What it means: This is a sync-heavy pattern (fsync=1). Average commit latency ~0.64ms with some tail spikes.

Decision: If latency is multiple milliseconds on an NVMe SLOG, investigate the device and the path (PCIe link, throttling, contention). If it’s tens of milliseconds, you may be falling back to the pool or the device is misbehaving.

Task 12: Confirm TXG behavior and dirty data pressure (why sync may be stalling)

cr0x@server:~$ cat /proc/spl/kstat/zfs/txgs
217 5 0x01 184 4608 2401924197 836746120 0 0

What it means: TXG stats are present; on some systems you’ll parse fields for timing and backlog with tooling. The key is: TXG syncing shouldn’t be perpetually behind.

Decision: If TXG sync is constantly overloaded, your pool is write-bound or under-provisioned. A SLOG helps with sync acknowledgement, but it doesn’t magically increase the pool’s ability to eventually commit.

Task 13: Check if your pool is constrained by too few vdevs (IOPS math)

cr0x@server:~$ zpool list -v tank
NAME        SIZE  ALLOC   FREE  CKPOINT  EXPANDSZ   FRAG    CAP  DEDUP  HEALTH  ALTROOT
tank       30.5T  20.1T  10.4T        -         -    22%    65%  1.00x  ONLINE  -
  raidz2-0 30.5T  20.1T  10.4T        -         -    22%    65%      -  ONLINE  -

What it means: One RAIDZ vdev. That’s often great for capacity, not for IOPS.

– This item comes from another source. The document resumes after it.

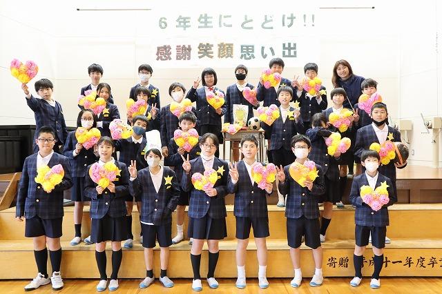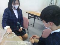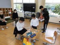 水引アートクリエイターの井波佳奈氏を講師にお招きして行いました。子供たちは、水引が人生の節目で用いられる大切なものであることを知り、自身の卒業式に思いをはせながら、心をこめて作成しました。
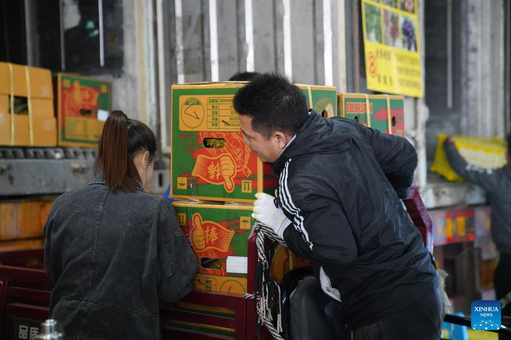 Vendors transport packaged durians at Haijixing Market, a large wholesale fruit market, in Nanning, south China's Guangxi Zhuang Autonomous Region, April 25, 2023. (Xinhua/Zhao Huan)

Decision: If your workload is random I/O heavy, especially VM storage, the correct fix might be more vdevs (striped mirrors) rather than a SLOG.

Task 14: Confirm ashift and alignment (prevent self-inflicted latency)

cr0x@server:~$ zdb -C tank | egrep 'ashift'
                    ashift: 12

What it means: 4K sector alignment (ashift=12) which is generally correct for modern disks and SSDs.

Decision: If you see ashift: 9 on 4K drives, you can get pathological write amplification and latency. That’s a rebuild-level fix, not a SLOG fix.

Fast diagnosis playbook

When someone is yelling “storage is slow” and you have 20 minutes before the next escalation, this is the fastest way to determine whether SLOG is relevant.

First: determine if the pain is sync write latency

  • Check dataset sync and protocol settings (NFS/SMB/iSCSI). If sync isn’t in play, SLOG isn’t the hero.
  • Check for evidence of log device activity (zpool iostat -v showing writes under logs).
  • If possible, run a small controlled fio sync test on the dataset (don’t do this on a fragile system at peak load).

Second: validate the SLOG device isn’t the bottleneck

  • NVMe health (nvme smart-log) and temperature. Throttling produces “mystery” tail latency.
  • kstats for ZIL commit waits: are they climbing when latency spikes?
  • Confirm the log vdev is ONLINE and not silently faulted/removed.

Third: if sync is fine, find the real bottleneck

  • Read miss rate: ARC thrash vs actual disk reads.
  • Pool layout: too few vdevs or RAIDZ for VM workloads is a repeat offender.
  • CPU overhead: encryption/compression/checksum with saturated cores can masquerade as “slow disks.”
  • Network: NFS latency often lives in the NIC/MTU/interrupts world, not the pool.

Common mistakes: symptoms → root cause → fix

1) “We added an NVMe SLOG and nothing improved.”

Symptoms: Benchmarks change little; users still complain; zpool iostat shows minimal log writes.

Root cause: Workload is not dominated by sync writes (or sync is disabled, or clients aren’t issuing sync).

Fix: Verify with zfs get sync, NFS export options, and a sync-heavy fio test. If it’s read/metadata bound, consider ARC/special vdev/vdev layout changes.

2) “Latency got better on average, but p99 is still awful.”

Symptoms: Mean latency drops; occasional multi-10ms stalls remain.

Root cause: NVMe throttling, internal garbage collection, firmware quirks, or contention from sharing the device.

Fix: Check temperature, controller logs, and avoid co-locating L2ARC/swap/other workloads on the same device. Use an enterprise SSD with consistent latency.

3) “After the SLOG died, everything became unusably slow.”

Symptoms: Pool stays ONLINE but sync-heavy clients crawl; recovery requires emergency hardware swap.

Root cause: Single log device failure removed the low-latency sync path; main pool can’t handle sync write IOPS.

Fix: Mirror the SLOG. Also address the underlying pool’s random write capability if it’s fundamentally mismatched to the workload.

4) “We used a consumer NVMe, and after a power event we had weird corruption.”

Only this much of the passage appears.